You really need to take down the pics of you and your boyfriend on facebook. It's becoming increasingly harder to jerk off while i'm Facebook stalking your pics at 2am.
just masturbated through my pocket at the library. hope you're enjoying your saturday night out.
This show inspires me to have sex in space
I'm glad you trust me to be your sex stat keeper.
I think I'm coming down now. I almost started crying because I lost a piece of paper.
so... the fat chick just walked over, shook my hand, then introduced herself as "versatile". shoot me now.
I found out his name. Apparently we sat in the shower together and flooded the bathroom.

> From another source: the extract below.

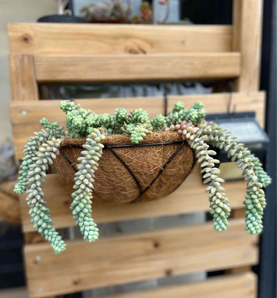 鉢植えだったけど先端が地面に突き出したのでハンキングに植え替えました。
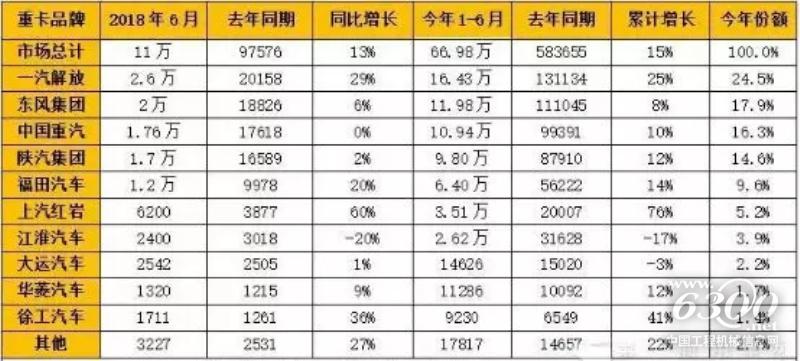 2018年上半年重卡市场企业销量一览表(单位:辆)

I can't tell if they're having sex or watching the beach scene from Saving Private Ryan. All I know is I hear explosions and men screaming and crying
The woman in the flower onesie is claiming she hasn't been drinking.
Guys are like someone else's baby; i'll play with them but if responsibility is involved i'll hand them off.
I just got yelled at by a stripper for being a tease.
if you didn't cry because you couldn't find me and then pee your bed, your wingman status would totally be revoked for leaving me at that party.
i had to call him over, it was my last chance at getting some tonight
HE HAS A RESTRAINING ORDER AGAINST U!!!
it expires tomorrow
One can only be this extremely wet once a year and I feel like I'm bitch slapping god by not using this gift he has bestowed on me.
I got confused. The music was loud, porn was playing, people were grinding, there were hand jobs.